In this issue, Lee, et al. [6] comprehensively evaluated the analytical performance of the NeoBase 2 kit. The authors found that it showed adequate analytical performance in terms of precision, concordance with their in-house derivatization-based assay, limit of detection, lower limit of quantification, linearity, recoveries, and carryover. Tyrosinemia type 1 and transient tyrosinemia of the newborn were successfully differentiated by measuring succinylacetone. The authors also evaluated different cutoffs in preterm neonates in the Korean population. They identified 15 analytes (arginine, citrulline, tyrosine, adenosine, C0, C2, C4, C5, C6DC, C8:1, C12:1, C14:1, C16, C18:2, and C20:0- LPCs) showing different cutoffs between preterm and term babies and proposed higher preterm cutoffs for three analytes (tyrosine, adenosine, and C20:0-LPC) for the first time in Korea.
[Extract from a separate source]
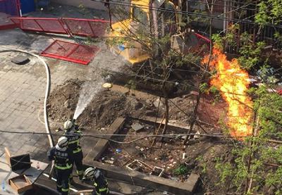 在事发居民楼下,与居民楼平行方向有一条约50米长的浅沟,浅沟两边用栏杆围起来,居民从大门进入院内后,要想上楼,必须沿着浅沟和居民楼之间的狭长通道进入。浅沟的尽头停有一辆钩机,钩机旁边的燃气管道喷出熊熊火焰。

This study will be of help to readers interested in MS/MS-based special chemistry tests, especially, those affiliated to laboratories that conduct extended newborn screening using MS/MS. The authors proposed different cutoffs for preterm neonates, which is helpful for the accurate interpretation of newborn screening tests to minimize false negatives without generating an excessive number of false positives.